Exercise:
Copy word for word the lines of the records below, beginning at the one with "造園 植冶にて 庭師の方の話を聞きます。" and finishing at the one with "Fesmy-le-Sart, ancienne abbaye", ends included, but none of the pictures.

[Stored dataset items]

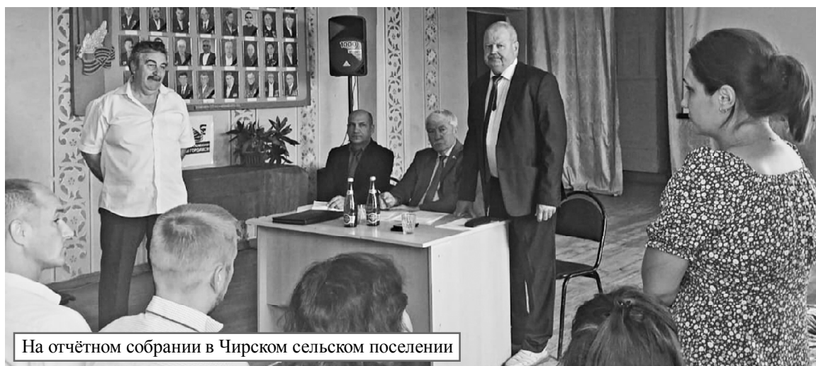
На отчётном собрании в Чирском сельском поселении
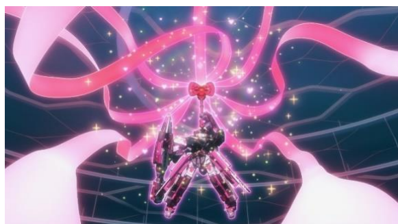
オリジナルコラボアニメーション 場面写真

また、「シンカリオン ハローキティ」は、“ハローキティマスク”をかぶった、カッコよくもキュートな“ハローキティモード”へのモードチェンジや、別売りのシンカリオンとの可愛いクロス合体も可能です。
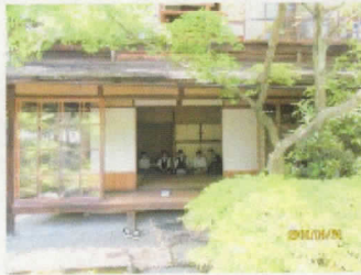
造園 植冶にて 庭師の方の話を聞きます。
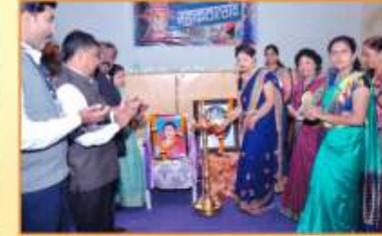
महिला तक्रार निवारण समिती आयोजित साडी डे कार्यक्रम प्रसंगी उपस्थित मान्यवर
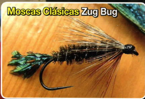
Moscas Clásicas Zug Bug
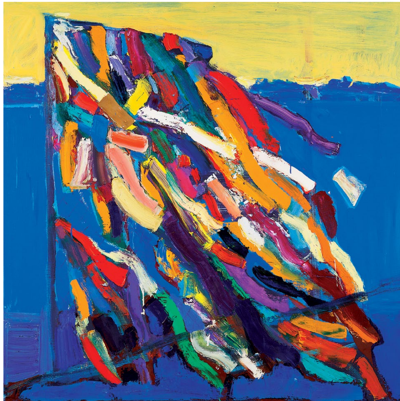
150x150 см. Полотно, олія 150x150 cm. Oil on canvas
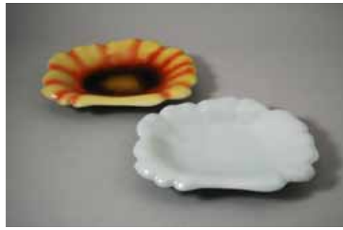
花夢 デザイン:綿引友子 花柄 5,250円 青磁 4,250円 (19×26cm)
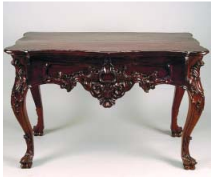
342 CREDÊNCIA ESTILO D. JOSÉ EM PAU SANTO COM ENTALHAMENTOS, brasileira, séc. XIX, faltas e pequenos defeitos Dim. - 76 x 138 x 51 cm
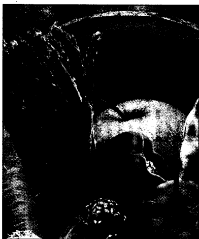
Wasserreiche Nahrung, etwa mit To...

N (mut). Viel m abnehmen – versprechen lich die über- schmelzen. aber, dass die er und wenig statt Steaks eher kalorien- t und Gemüse.
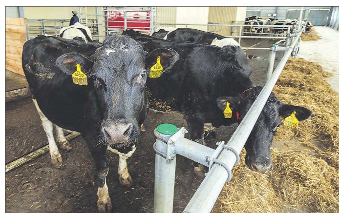
130 коров новой Никитинской фермы будут доить два робота

Роботизированные фермы часто строят из-за нехватки доярок, в колхозе «Урал» цель иная: добиться снижения себестоимости производства молока и благодаря новым технологиям создать пле-
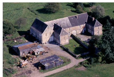
Fesmy-le-Sart, ancienne abbaye bénédictine Saint-Etienne puis ferme (étudiée), l'Abbaye, 23 rue de l'Abbaye. IVR22_20010200317XA
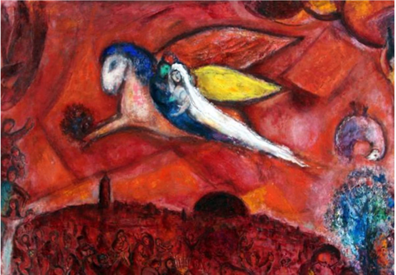
Marc Chagall (Lézna, 7 luglio 1887 - Saint Paul de Vence, 28 marzo 1985), Cantico dei Cantici IV , olio su carta incollata su tela, 1958.

La risposta può essere trovata in un testo biblico che ha goduto per tutto il Medioevo di una straordinaria fortuna esegetica: il Cantico dei Cantici . L'epitalamio attribuito a Salomone si offriva all'immaginazione medievale come il racconto in versi di un'avventura erotica, interpretata certo in chiave allegorica o tropologica o mariologica, ma senza che ciò comportasse l'eliminazione della sensualità della lettera.
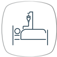
คุ้มครอง ผู้ป่วยใน (IPD)

The answer:
造園 植冶にて 庭師の方の話を聞きます。
महिला तक्रार निवारण समिती आयोजित साडी डे कार्यक्रम प्रसंगी उपस्थित मान्यवर
Moscas Clásicas Zug Bug
150x150 см. Полотно, олія 150x150 cm. Oil on canvas
花夢 デザイン:綿引友子 花柄 5,250円 青磁 4,250円 (19×26cm)
342 CREDÊNCIA ESTILO D. JOSÉ EM PAU SANTO COM ENTALHAMENTOS, brasileira, séc. XIX, faltas e pequenos defeitos Dim. - 76 x 138 x 51 cm
Wasserreiche Nahrung, etwa mit To...

N (mut). Viel m abnehmen – versprechen lich die über- schmelzen. aber, dass die er und wenig statt Steaks eher kalorien- t und Gemüse.
130 коров новой Никитинской фермы будут доить два робота

Роботизированные фермы часто строят из-за нехватки доярок, в колхозе «Урал» цель иная: добиться снижения себестоимости производства молока и благодаря новым технологиям создать пле-
Fesmy-le-Sart, ancienne abbaye bénédictine Saint-Etienne puis ferme (étudiée), l'Abbaye, 23 rue de l'Abbaye. IVR22_20010200317XA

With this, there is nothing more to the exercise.